The replacement ceiling material is a green water-resistant drywall, typically used in toilet rooms and as a backup for ceramic tile, which was given a clear polyurethane coating. Plastic grating normally used to provide chemical resistance for laboratory floors serves as louvers in a wall of the building's mechanical penthouse.

The sprayed polyurethane foam roof slopes downward from the east and west sides of the building in order to pass beneath the tube and to give prominence to spaces, such as the conference center, located along the periphery.

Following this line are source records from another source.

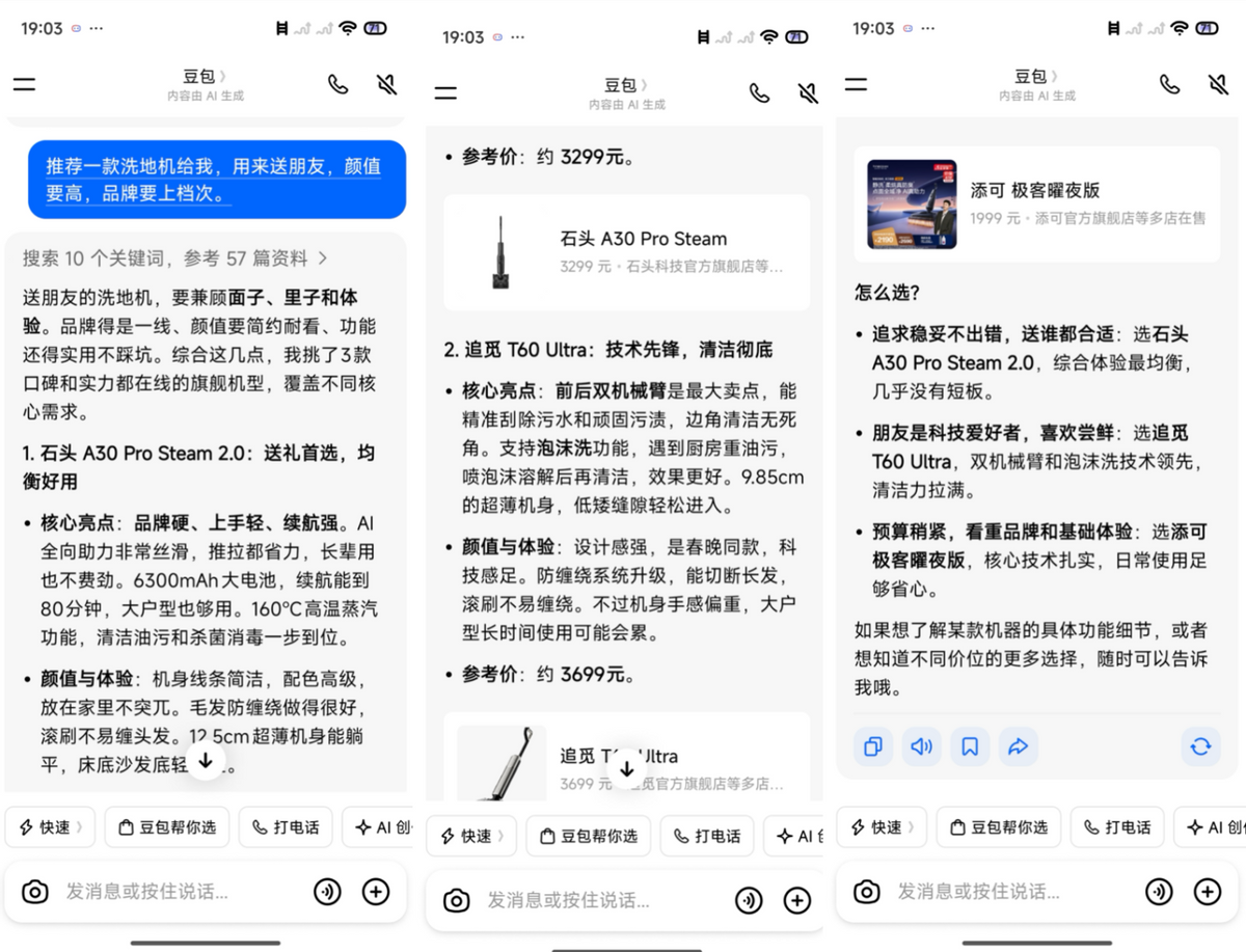 After testing it out, I found that "Help You Choose" is an AI-powered shopping guide centered around conversational interaction. For instance, if I tell Doubao, "Recommend a floor-cleaning machine as a gift for a friend. It should have a premium look and be from a reputable brand," the AI swiftly gathers information, analyzes the requirements, lists the pros and cons of different products along with price comparisons, and then provides personalized recommendations—a capability shared by many AIs. However, the key difference is that Doubao displays product cards in its results, allowing users to place orders with a single click.
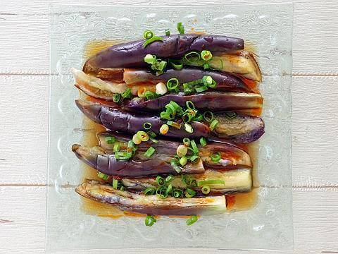 電子レンジで3分♪とろっとした食感のなすに、「ヤマサ ぱぱっとちゃんと これ!うま!!つゆ」をかけるだけ。なすは包丁で切らずに、電子レンジにかけてから手で裂くと、きれいな色に仕上がります。
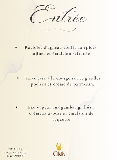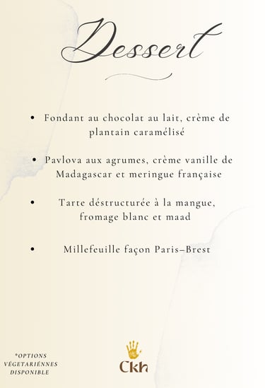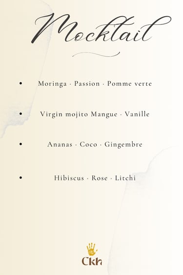 1 entrée/1 plat/1 dessert/1 mocktail (offert)
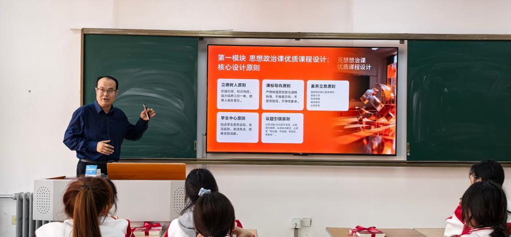 为贯彻学校领导关于人才培养的“反向设计,正向施工,产出导向”的工作要求,马克思主义学院坚持以学生为中心,积极行动、主动作为,注重通过创设专业、系统、优质的育人环境,不断提高人才培养质量。为有效提升2025级思想政治教育专业本科生的职业技能和高效准备“行知杯”师范生课堂教学综合技能竞赛,马克思主义学院密切关注和回应学生所需,2026年4月15日邀请大庆外国语学校附属学校副校长杨小军为学生做专题培训。马克思主义学院院长马吉芬教授、副院长郭元阳教授、思想政治教育专业执行负责人杨宏祥副教授、思想政治教育教研室李玉娣主任、辅导员汪丽媛与思想政治教育专业本科生一同参加培训。
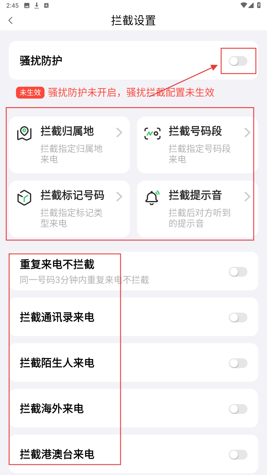 2、按需设置拦截规则(归属地/号码段/标记号码/提示音等),及重复、通讯录、陌生人等来电拦截选项。
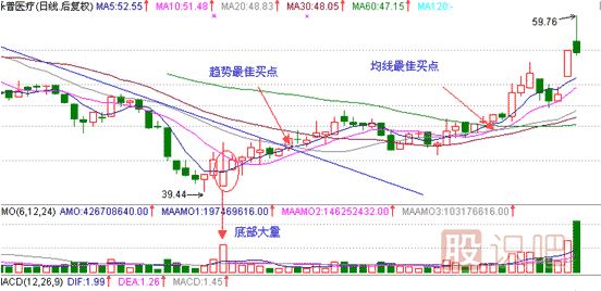 樂(lè)普醫(yī)療(300003)在2009年10月上市后股價(jià)處于長(zhǎng)期整頓期。從上圖看地量結(jié)構(gòu)明顯,但2010年2月日出現(xiàn)了底部大量的仙人指路K線形態(tài),兩天前還有一個(gè)金針探底出現(xiàn)。我們約莫估計(jì)這就是底部區(qū)域,當(dāng)然穩(wěn)健的投資者還是等箭頭一趨勢(shì)最佳買點(diǎn)和箭頭二均線最佳買點(diǎn)出現(xiàn)后再入場(chǎng)比較妥當(dāng)。
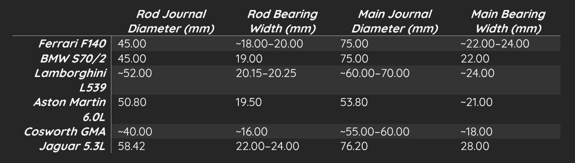 Main bearings do less work than rod bearings. The decision becomes a trade between stiffness and loss. For a small-displacement, road-going V12, a 54mm main bearing diameter is a good balance.

As the elevation of the tracks decreases toward the north end of the building, the stainless steel underside of tube is exposed inside the building.

An orange polycarbonate infill bonded within exterior glazing gives vibrant color to the west side of the building, which faces State Street. The McCormick Tribune Center marks the first application of this product, according to its manufacturer, Panelite. The amoeba-shaped toilet rooms near the building's west entrance are enclosed with panels composed of a different Panelite product, which introduces natural light into these spaces. The panels consist of glass facings that embed a tubular polycarbonate core that is translucent when viewed straight-on but obscured when viewed from an angle.

Graphics are an important design element. Huge letters bearing the words "Illinois Institute of Technology," composed on the inside wall of three interior spaces, are visible to passersby. A monstrous digital clock with 10-ft.-tall numbers offers little excuse to tardy students.

The international symbol for a human was used as a graphic module by the New York City-based design firm 2x4 to create small icons that portray students exercising, operating a movie camera, and listening to music on their headphones. When viewed at a distance, though, the icons merge into a 25-ft.-tall portrait of the genius of Aachen himself.

As for Koolhaas's creation, one can only speculate what Mies's verdict would be. Less, or more?